You can't add the actual errors unless the formula is adding two quantities with the same units.
Once you have the final % error you need to convert it back to an actual error.
For example, if you had a value of 10.0 with a % error of ±5%
you find 5% of 10.0, which is 0.5, and give your answer as
10.0±0.5
Do the same for the density. You have the % errors for the mass and the volume.
In this case the error for the mass is very small compared with the error for the volume and can actually be ignored.
Oh I get it, so will the % uncertainty for density be : %m + %r + %r = 0.09% + 2.88% + 2.88% = 5.85%
1.89 g/cm^3 +-(5.85%)
1.89 g/cm^3 +- 0.1g/cm^3??? (absolute value)

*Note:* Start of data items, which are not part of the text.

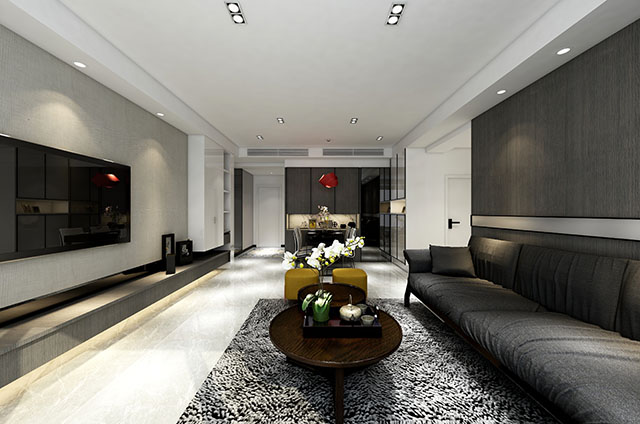 如果客廳比較長的話最重要的就是要利用好沙發(fā)和背景墻,選擇較長款的沙發(fā),延伸舒適,地毯也與之為伍,茶幾不夠可以大膽使用2個,而電視背景墻則聰明的選用了嵌壁式設計,而選擇了亮白色的墻漆讓空間明亮而寬敞。
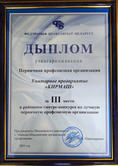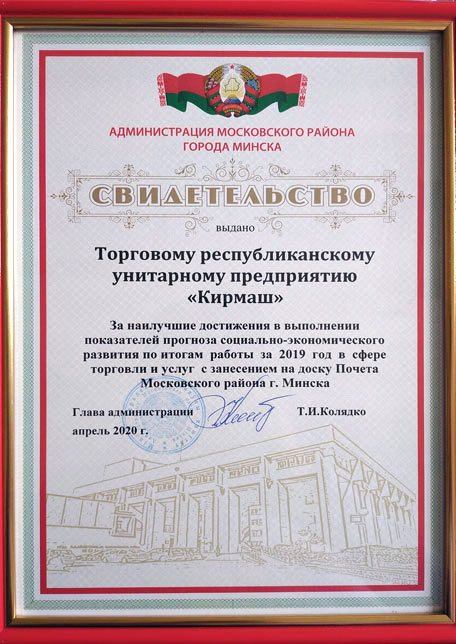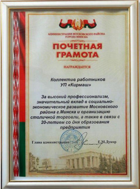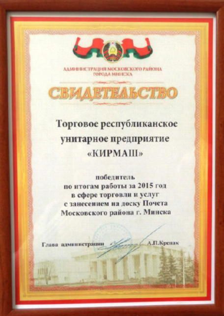 В 2020 году УП "Кирмаш" награжден свидетельством Администрации Московского района за наилучшие достижения в выполнении показателей прогноза социально-экономического развития по итогам работы за 2019 год в сфере торговли и услуг с занесением на доску Почета Московского района г. Минска.
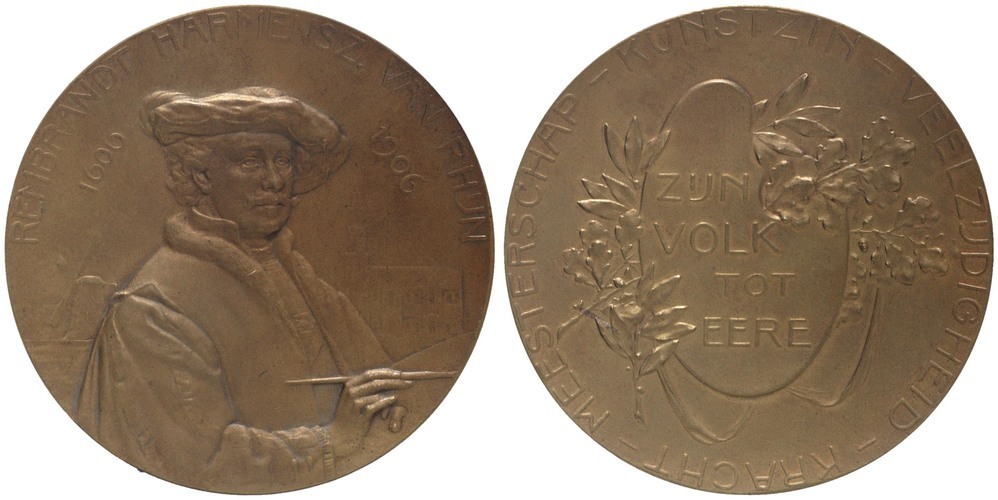 omschrift voorzijde: REMBRANDT HARMENSZ. VAN RHIJN / 1606 - 1906

Original post by Wasuppdude
Oh I get it, so will the % uncertainty for density be : %m + %r + %r = 0.09% + 2.88% + 2.88% = 5.85%
1.89 g/cm^3 +-(5.85%)
1.89 g/cm^3 +- 0.1g/cm^3??? (absolute value)
1.89 g/cm^3 +-(5.85%)
1.89 g/cm^3 +- 0.1g/cm^3??? (absolute value)
If you check back to my earlier posts, you will see that I said that the % error in the volume will be 3 times the % error in the radius. This is because the radius is cubed to get the volume. In that post we agreed that the % error in the radius was 2.8% and the volume is 588.98mm cubed
So the % error in the volume is about 8.5%
The % error in the density will be this plus the % error in the mass.

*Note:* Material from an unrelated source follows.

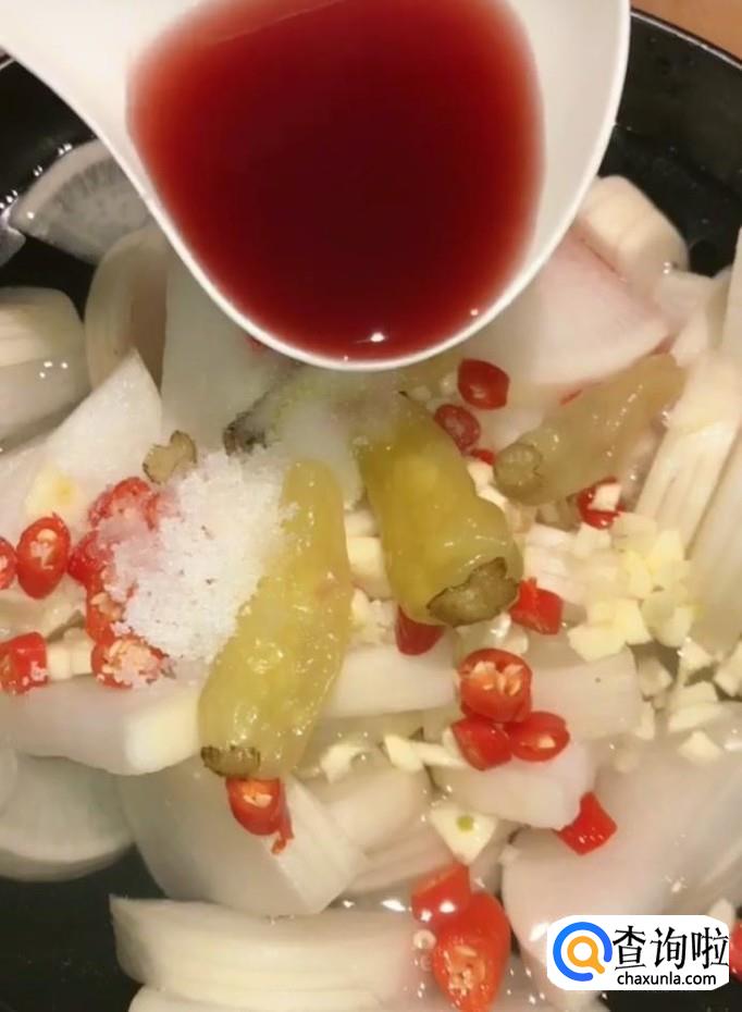 然后再放入适量的白醋,盐,白糖,红酒放入密封罐腌制一个晚上

The mass error is so small it can safely be ignored.
So yes, you have the method correct, you just needed to take 3 times the % error in the radius, not 2.
So the system is, when you have a formula with values that contain uncertainties,
if the formula has multiply and/or division - add the % errors to get the total % error
if a quantity is squared it's 2 times the % error, if cubed it's 3 times etc
Covert the % errors back to actual errors in the final result.

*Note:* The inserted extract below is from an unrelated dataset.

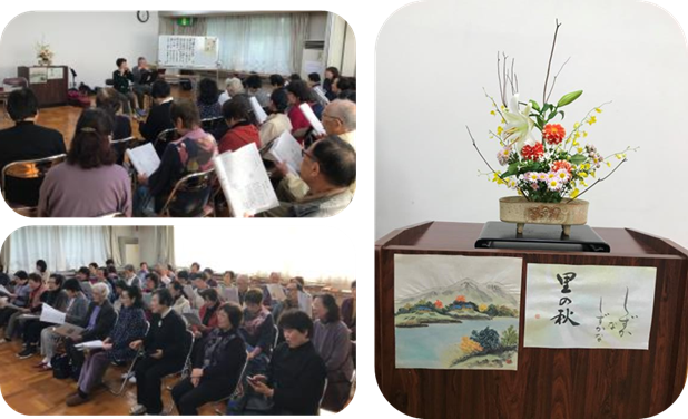 続いて、アートご夫婦によるハーモニカ演奏です。「里の秋」と「かあさんの歌」を歌に合わせて披露していただきました。「すずかけ」の方々も加わり、爽やか合唱団の歌声がホールいっぱいに響きました。

This is all explained on the sheet I posted.
Original post by Stonebridge
If you check back to my earlier posts, you will see that I said that the % error in the volume will be 3 times the % error in the radius. This is because the radius is cubed to get the volume. In that post we agreed that the % error in the radius was 2.8% and the volume is 588.98mm cubed
So the % error in the volume is about 8.5%
The % error in the density will be this plus the % error in the mass.
The mass error is so small it can safely be ignored.
So yes, you have the method correct, you just needed to take 3 times the % error in the radius, not 2.
So the system is, when you have a formula with values that contain uncertainties,
if the formula has multiply and/or division - add the % errors to get the total % error
if a quantity is squared it's 2 times the % error, if cubed it's 3 times etc
Covert the % errors back to actual errors in the final result.
This is all explained on the sheet I posted.
So the % error in the volume is about 8.5%
The % error in the density will be this plus the % error in the mass.
The mass error is so small it can safely be ignored.
So yes, you have the method correct, you just needed to take 3 times the % error in the radius, not 2.
So the system is, when you have a formula with values that contain uncertainties,
if the formula has multiply and/or division - add the % errors to get the total % error
if a quantity is squared it's 2 times the % error, if cubed it's 3 times etc
Covert the % errors back to actual errors in the final result.
This is all explained on the sheet I posted.
Oh yeah sorry I forgot I was meant to cube it.
so % error for density would be 2.88 x 2.88 x 2.88 = 23.9%
1.89g/cm^3 +- ( 23.9%)
1.89g/cm^3 +- 0.45 g/cm^3
I got this from the sheet you posted. Now the last bit says how many significan figures you should give the density which I already have given to 3, so I leave it as 3 ??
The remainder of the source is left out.